Stored data:

*** Block opens ***

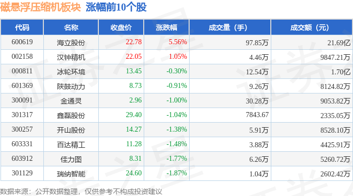 从资金流向上来看,当日磁悬浮压缩机板块主力资金净流出1.95亿元,游资资金净流出9565.71万元,散户资金净流入2.91亿元。磁悬浮压缩机板块个股资金流向见下表:
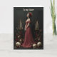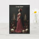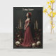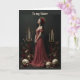 Uma mulher de vestido vermelho está entre crânios, com velas em ambos os lados, neste lindo cartão de aniversário gótico para uma irmã.
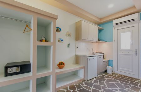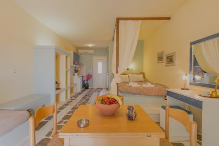 Το κάθε studio/διαμέρισμα διαθέτει σύγχρονες ανέσεις, περιλαμβάνει άνετα κρεβάτια και ντουλάπες, πλήρη κουζίνα , Τ. V. κλιματισμό, ασύρματο δωρεάν internet , λουτρό, ζεστό νερό, ατομική βεράντα με θέα στη θάλασσα και άνετο χώρο πάρκινγκ.

*** Block closes ***

Brief: After locating the line with "Uma mulher de" in the listing above, transcribe it and every line after it to the last, exactly, with no pictures.

Solution to this task:
 Uma mulher de vestido vermelho está entre crânios, com velas em ambos os lados, neste lindo cartão de aniversário gótico para uma irmã.
 Το κάθε studio/διαμέρισμα διαθέτει σύγχρονες ανέσεις, περιλαμβάνει άνετα κρεβάτια και ντουλάπες, πλήρη κουζίνα , Τ. V. κλιματισμό, ασύρματο δωρεάν internet , λουτρό, ζεστό νερό, ατομική βεράντα με θέα στη θάλασσα και άνετο χώρο πάρκινγκ.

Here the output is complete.